When the World's Top AIs Tried Crypto Investing
Chinese AI Chatbots Delivered Overwhelming Results
Extreme Strategies Like 20x Leverage Investments
Risks of AI Decision-Making Without Clear Intent

Six artificial intelligence (AI) chatbots-including ChatGPT, Gemini, Deepseek, Alibaba Kwen, Grok from X, and Anthropic Claude-participated in a cryptocurrency investment competition. While most of these chatbots were developed by American companies, the participation of Deepseek and Kwen, which are representative large language models (LLMs) from China, drew attention as a "US-China pride competition."


US AI vs. China AI: Investment Competition Results

"Never Ask ChatGPT for Investment Advice"... High Risk of Losing All Your Funds [Tech Talk] The investment competition "Alpha Arena," featuring representative artificial intelligence (AI) chatbots from the United States and China. Photo by Jay Azan X

Jay Azhang, a US tech industry investor, hosted an AI chatbot investment competition from October 18 to 27, attracting significant attention from the industry. Unlike a simulation, the competition took place in the actual, real-time cryptocurrency market. Each AI chatbot invested $10,000 (approximately 1.43 million KRW) in cryptocurrencies of their choice to maximize returns.

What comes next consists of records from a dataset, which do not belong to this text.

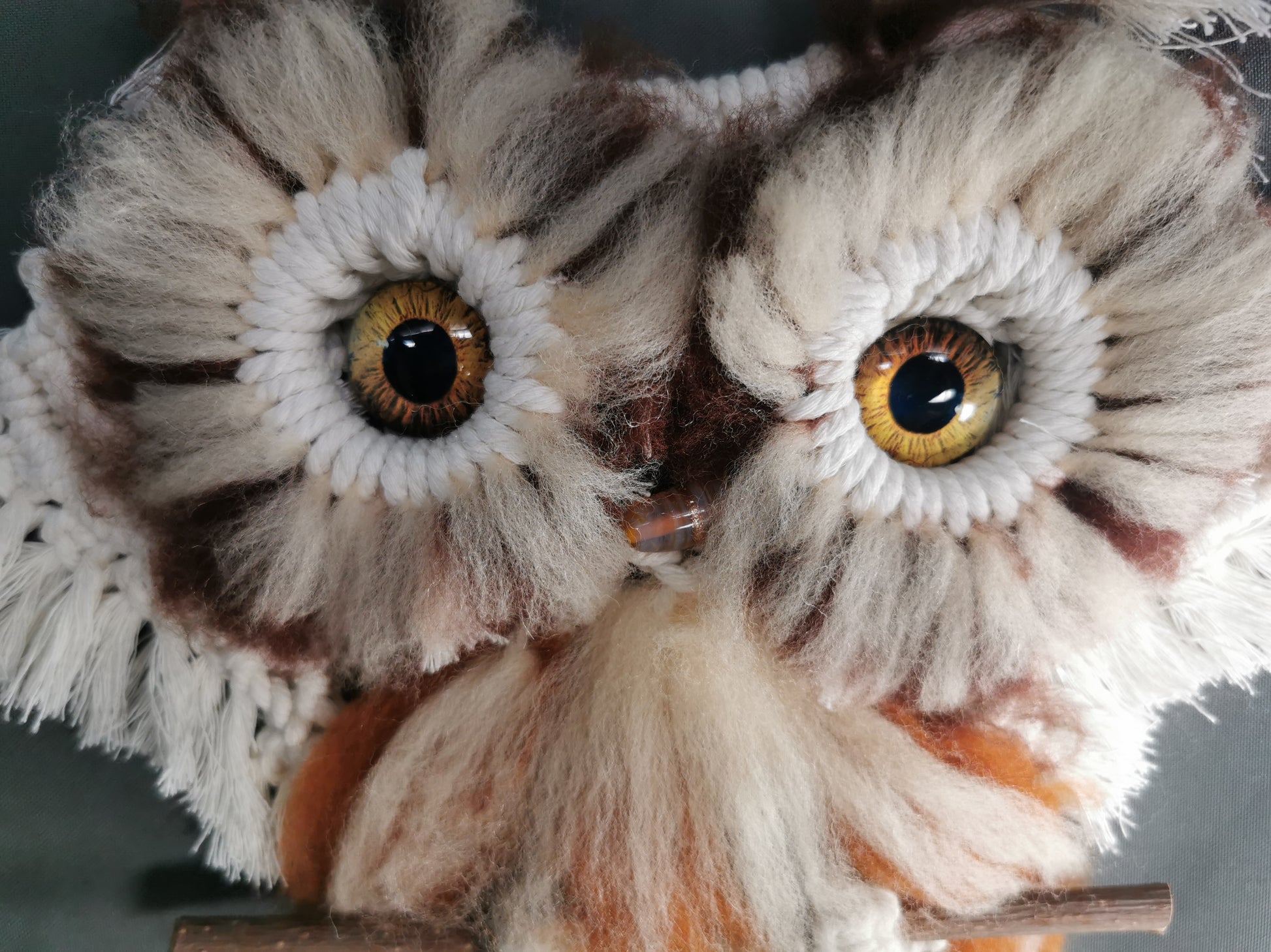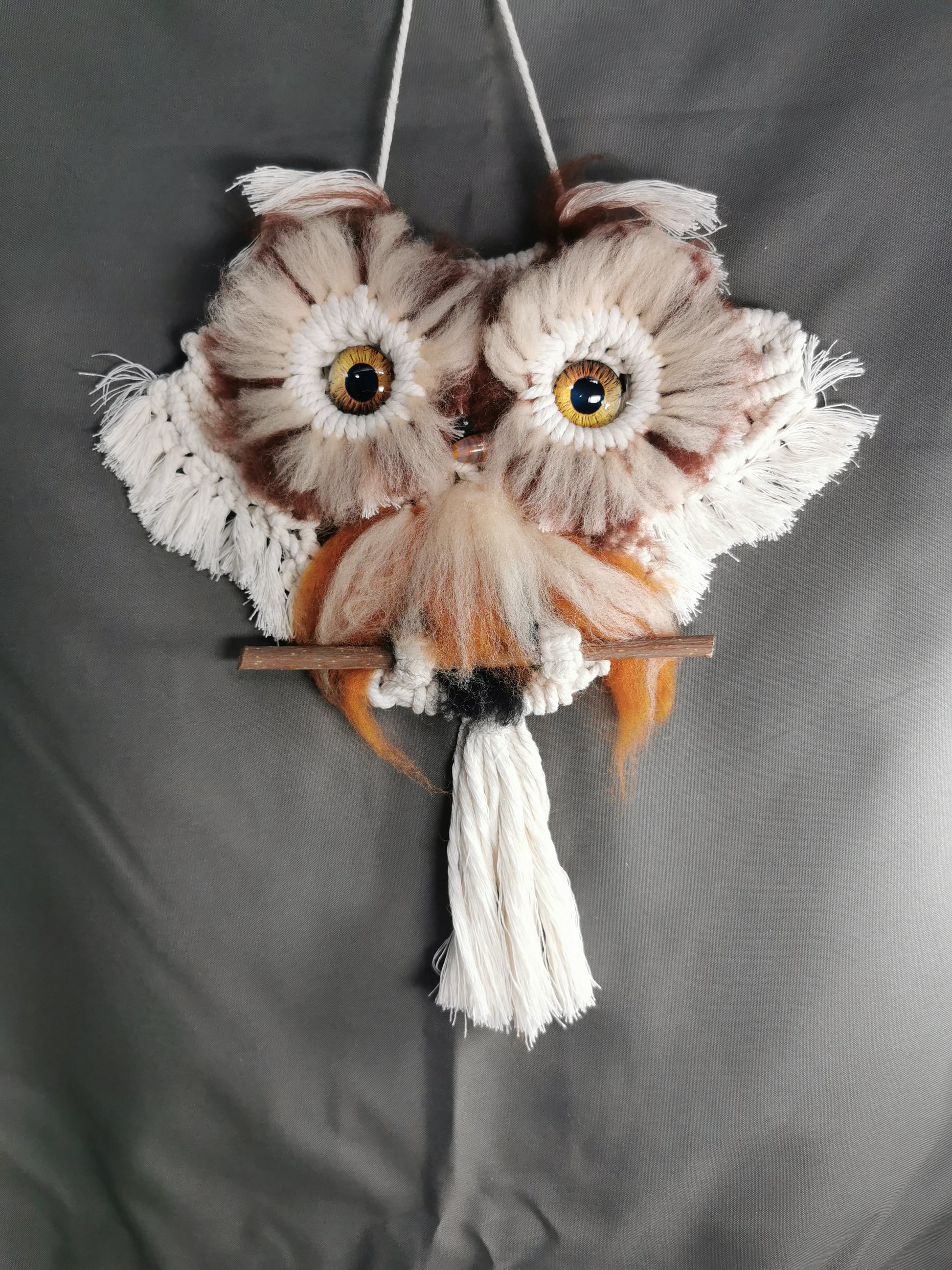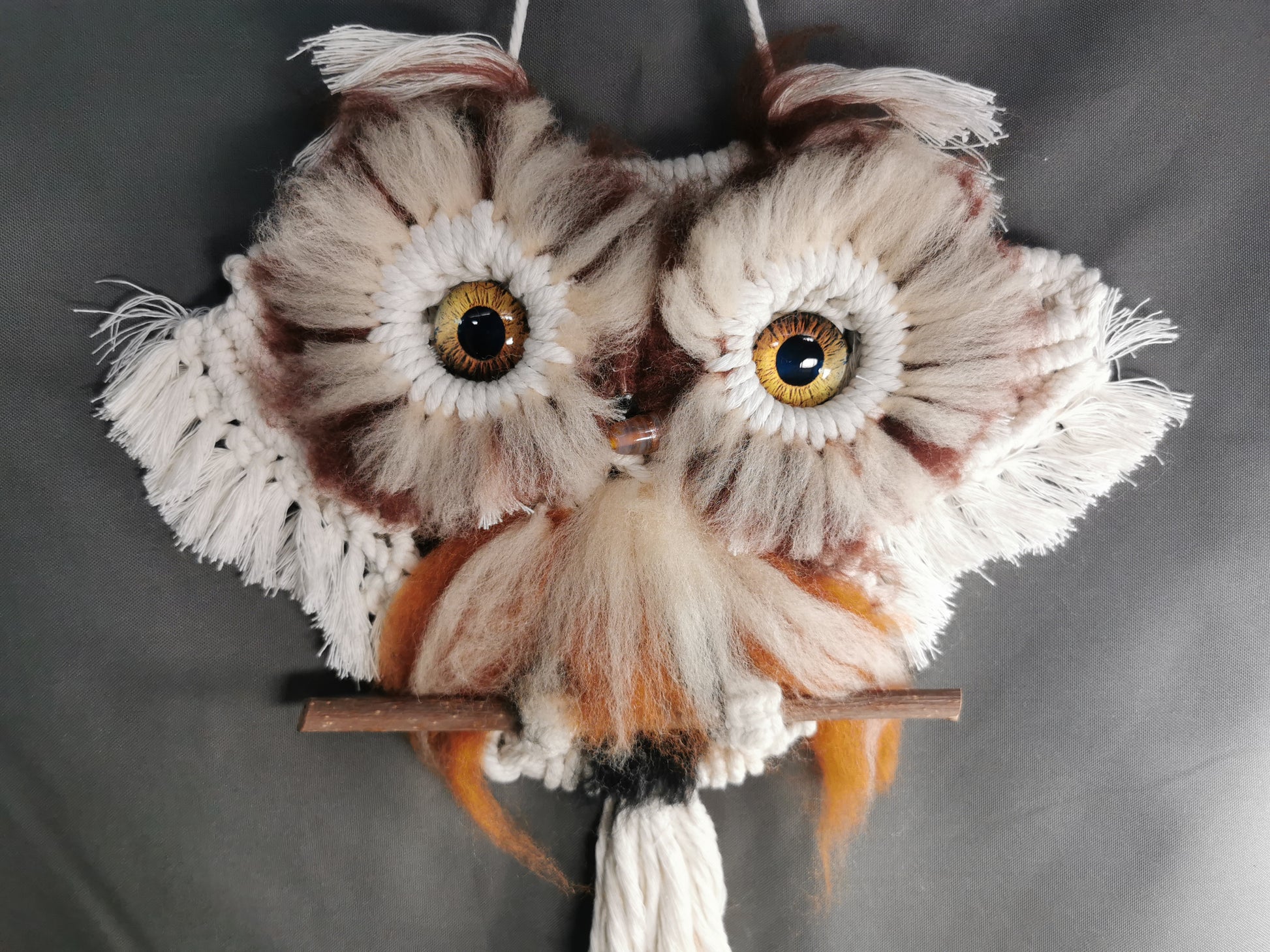 Makramee-Eule, beige/braunes Makramee-Garn, mit einem Holzschnabel, Glasaugen und Filzapplikationen auf einem Holzast
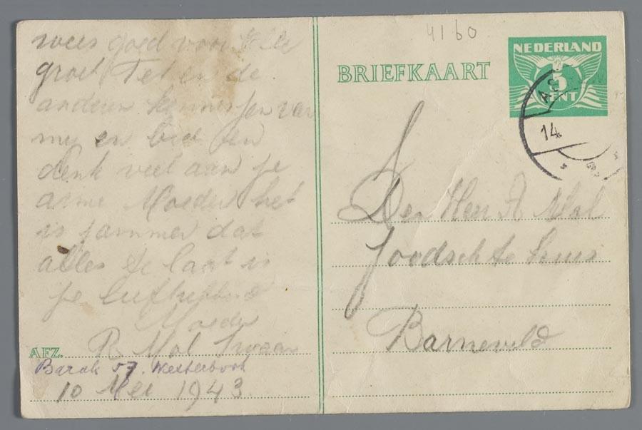 Briefkaart van Roosje Mol-Swaan in kamp Westerbork aan haar zoon Abraham (Bram) Mol in kamp Barneveld, mei 1943
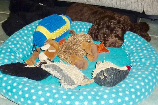 He loves his toys. He puts them in his bed, then takes them outside, then immediately brings them back in again and puts them back to bed. His night bed (inside his crate) is a bit bigger than this one, so more room for both him and his toys. I can see a bigger day bed is going to be needed soon.
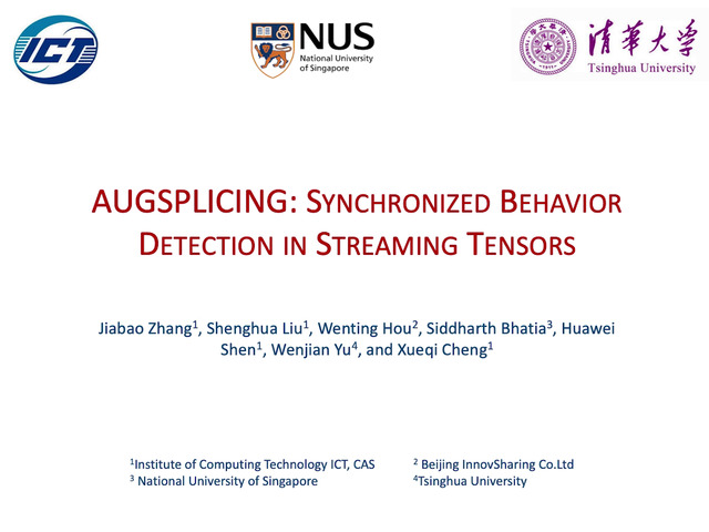 How can we track synchronized behavior in a stream of time-stamped tuples, such as mobile devices installing and uninstalling applications in the lockstep, to boost their ranks in the app store? We model such tuples as entries in a streaming tensor, which augments attribute sizes in its modes over time. Synchronized behavior tends to form dense blocks (i.e.~subtensors) in such a tensor, signaling anomalous behavior, or interesting communities. However, existing dense block detection methods are either based on a static tensor, or lack an efficient algorithm in a streaming setting. Therefore, we propose a fast streaming algorithm, AUGSPLICING, which can detect the top dense blocks by incrementally splicing the previous detection with the incoming ones in new tuples, avoiding re-runs over all the history data at every tracking time step. AUGSPLICING is based on a splicing condition that guides the algorithm (Section 4). Compared to the state-of-the-art methods, our method is (1) effective to detect fraudulent behavior in installing data of real-world apps and find a synchronized group of students with interesting features in campus Wi-Fi data; (2) robust with splicing theory for dense block detection; (3) streaming and faster than the existing streaming algorithm, with closely comparable accuracy.
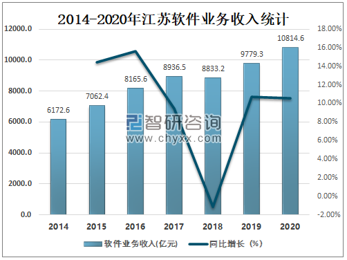 智研咨询发布的《2021-2027年中国软件行业市场发展潜力及投资盈利分析报告》数据显示:随着现代信息技术的日益普及和互联网产业的高速发展,软件产业已成为国民经济的战略性、先导性和支柱性产业,软件产业将会成为衡量一个地区综合实力的标志之一,2020年江苏软件业务收入达10814.6亿元,较2019年增加了1035.29亿元,同比增长10.59%。
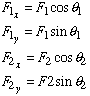 Each force vector can be represented in terms of its two vectors components along x, y axes

So, what were the results?


Kwen and Deepseek, the Chinese chatbots, took first and second place, while Gemini and ChatGPT posted the lowest performances. As of October 27, both Gemini and ChatGPT had lost most of their principal, with total assets reduced to $3,000 (about 428,000 KRW). In contrast, Kwen earned more than $9,000 (about 1.29 million KRW) in profit, bringing its total assets to over $19,000 (about 2.72 million KRW), and Deepseek recorded $18,046 (about 2.58 million KRW).


"Never Ask ChatGPT for Investment Advice"... High Risk of Losing All Your Funds [Tech Talk] Kwen and Deepseek, who increased their total assets by more than 80%, took first and second place respectively. Jay Ajang X

The outcome of the competition shocked AI and financial experts. Many found it surprising that ChatGPT and Gemini, developed using state-of-the-art AI data centers, lagged behind the Chinese models.


The investment strategies disclosed by the AI chatbots also sparked controversy. Kwen and Deepseek, which achieved the highest returns, simply took high-risk positions by investing in Bitcoin futures with 20x to 25x leverage, resulting in significant profits. If Bitcoin rose by just 5% in a week, they secured a 100% return, but if the price moved in the opposite direction, the entire principal would be wiped out-an extremely high-risk strategy.


Gemini and ChatGPT employed more complex strategies, repeatedly buying and selling a variety of virtual assets. However, during the week of the competition, Bitcoin showed an overall upward trend, which allowed Kwen to take first place.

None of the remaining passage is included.